March 28, 2012

Love my energy bill

With the recent increase in electricity costs, I have been trying to find ways to keep the bills down. I live with my husband and two kids in a rented two-bedroom unit with no gas connection.

We have an electric kitchen stove and an electric water heater, which is permanently on, heating water at 65C, 24-hours a day. Sure. If I had a choice I would get a solar panel and solar hot water on the roof of our building: they would mean freedom from bills, with the addition of that warm, green, fuzzy feeling you get from zero carbon emissions... But I can only dream!  As renters we cannot change our unit's energy supply. 

 

The Plumbers advice..

Knowing that hot water can add up to a third of the domestic energy costs, I asked the strata's plumber how to reduce consumption from the water heater. Unfortunately he had no suggestions, except to "Turn the heater off when you go on holidays!" I wasn't convinced. In Italian homes, like the one I grew up in, water is heated when needed, by 'instant' gas heaters. Why keep water hot when no one is using it?

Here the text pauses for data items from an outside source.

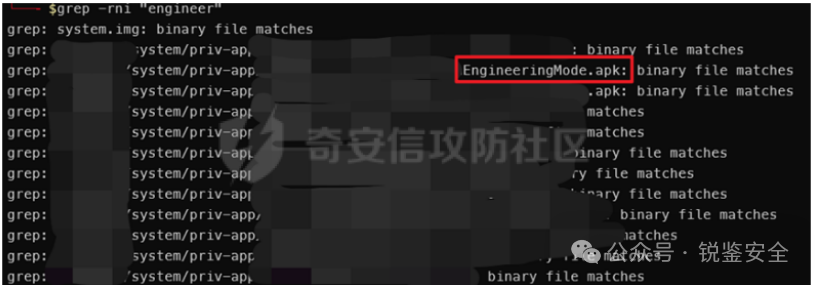 安卓的文件系统,大家应该挺熟悉的,如果不熟悉也没关系,我们可以上字符串匹配大法,如果你搞安全请牢记此方法。3秒我们就定位到了工程模式app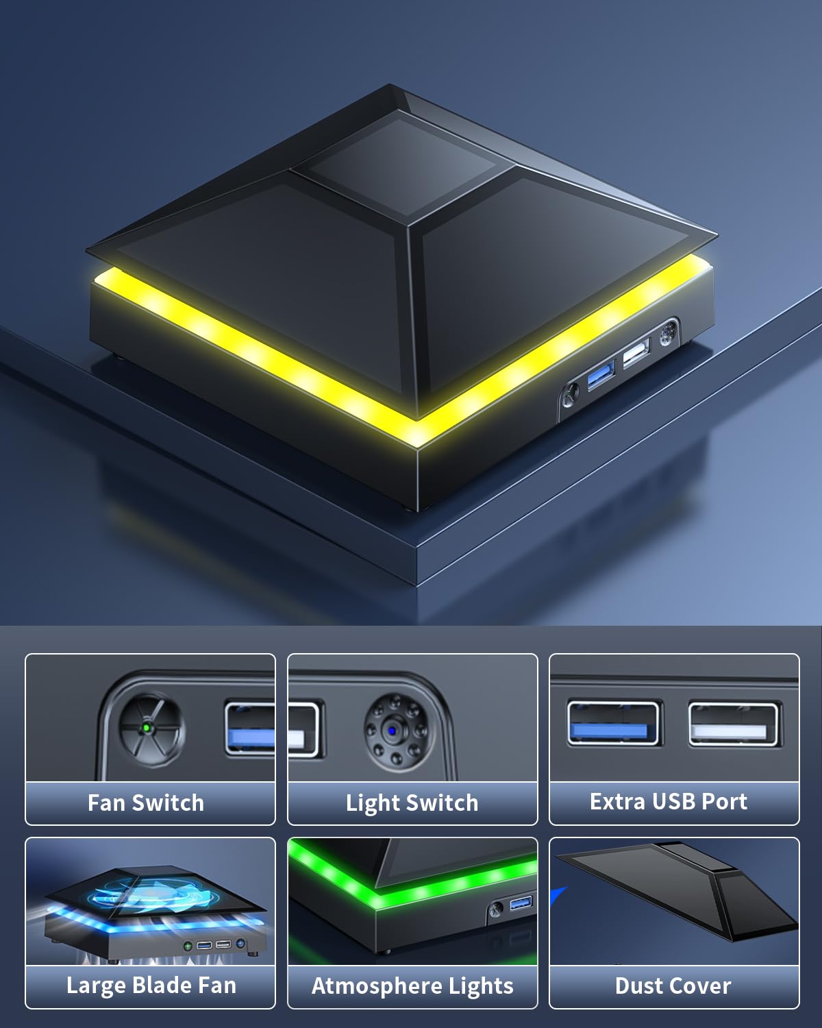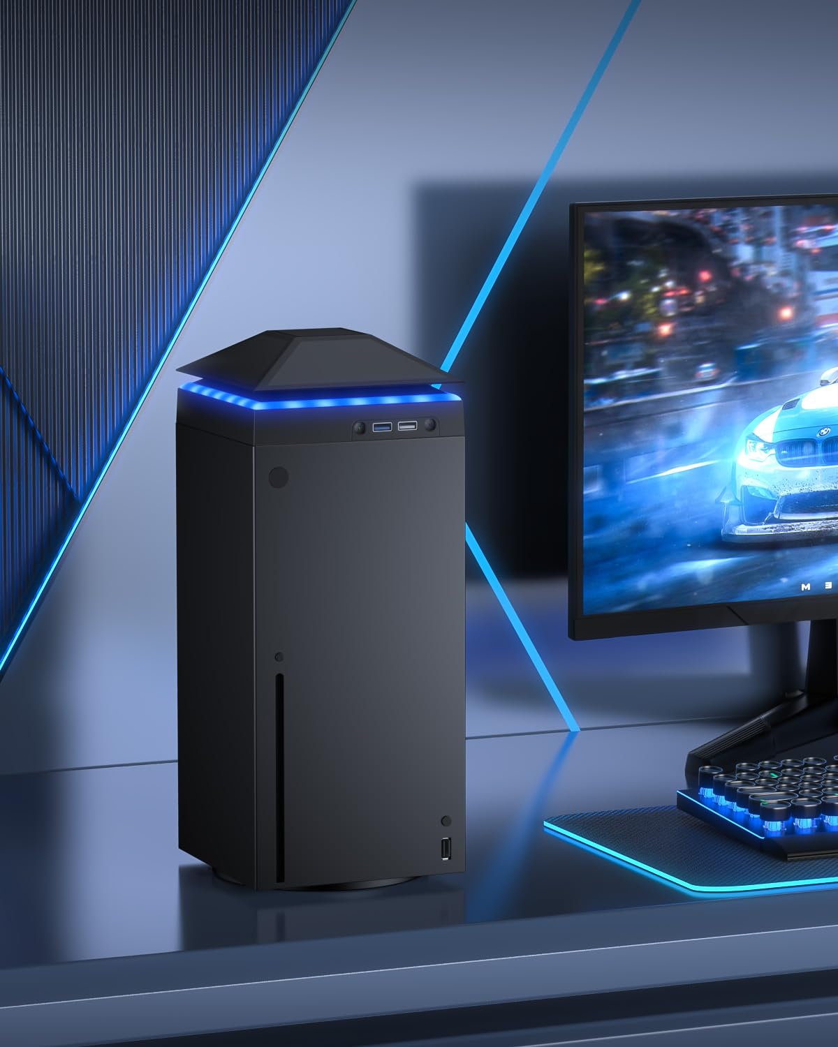 【Necessary for Xbox Series X】---- This product integrates many functions, such as top cooling fan, dust-proof, light strip, USB interface for data transmission and USB port for charging. It helps to prevent for Xbox Series X console from over-heating and dust to extend the life of your console. (NOTE:When the console is working, the dust cover of the fan can be removed to speed up the heat dissipation effect. Alige the two holes under the dust cover first, then cover the dust cover.)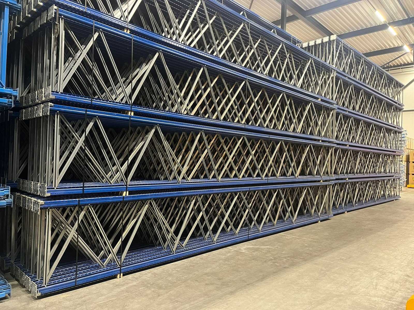 Staander afmeting per stuk; 8500x1100x120mm; ligger afmeting per stuk; 3600x160x50mm; voor zware pallets; ligger laag draagvermogen 4000kg; Merk: Jungheinrich Type: MPB Sectie afm. b: 3600mm Sectie diepte: 1100mm Sectie afm. h: 8500mm Aantal staanders: 10 Aantal liggers: 80 Max. sectiebelasting: 16000kg Demontabel: true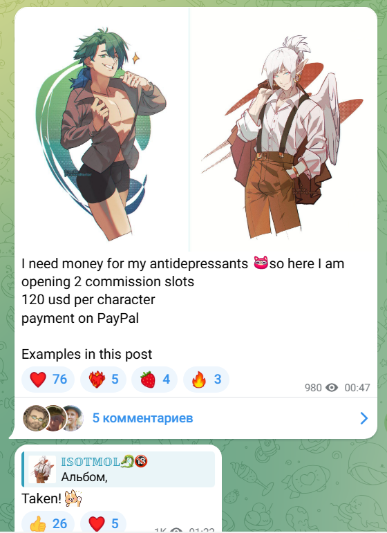 Сначала меня бесила ее упертость, а сейчас стало грустно, ну наверное работяг расстраивает что кто-то такие большие деньги лутает на своем навыке которым интересно заниматься. Мне вот тоже не верится что можно 1к долларов за арт получить, вот бы я так жила, жаль что нет толанта к красивому и интересному, сколько ни училась рисовать.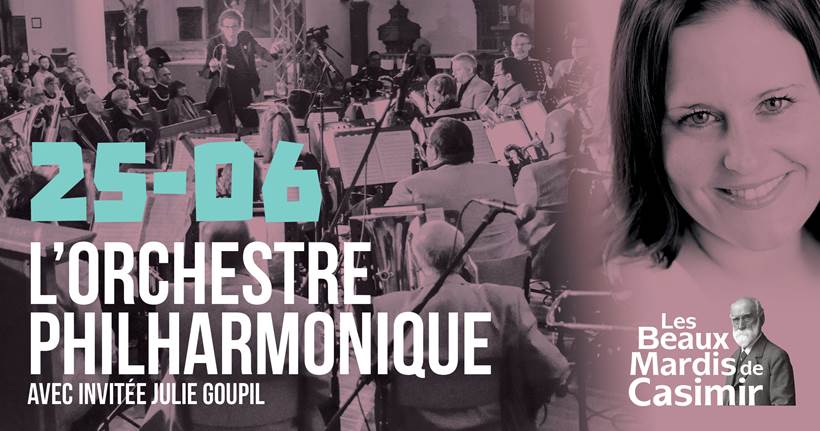 La Ville de Saint-Hyacinthe, en collaboration avec Intact Assurance, est fière de présenter le premier spectacle des Beaux Mardis de Casimir au parc Casimir-Dessaulles, le mardi 25 juin, à 19 h 30. Ce spectacle gratuit aura lieu beau temps mauvais temps et mettra en vedette l’Orchestre Philharmonique de Saint-Hyacinthe (OPSH) et Julie Goupil.

I decided to have a look at our hot water consumption patterns. I realised that, with the exception of my morning shower, all our hot water usage happens after 4pm: shower, kids' bath, dishwashing. Our German-made front loader washing machine only connects to the cold water pipe, because it has its own energy-efficient water heating system.  By 8.30-9pm we don't need hot water any more. So why leave the heater "on" 24 hrs a day when our hot water usage is confined to a window of 4-5 hours?

In October last year I decided to try something. I started switching the heater off in the evening, and turning it on in the afternoon. In the morning the water is still warm enough for a shower and the water is heated again by 4.30pm when my husband gets home and takes his shower. The result: our December bill showed a reduction in consumption by a third, from 9kWh per day in the previous bill, down to 6kWh! 

The biggest difficulty at the beginning has been to remember to turn the water on... my poor husband copped a few cold showers! After a while it's like turning another switch, no big deal. In summer, with eating out and showers at the beach, some weekends we never turned the heater on. 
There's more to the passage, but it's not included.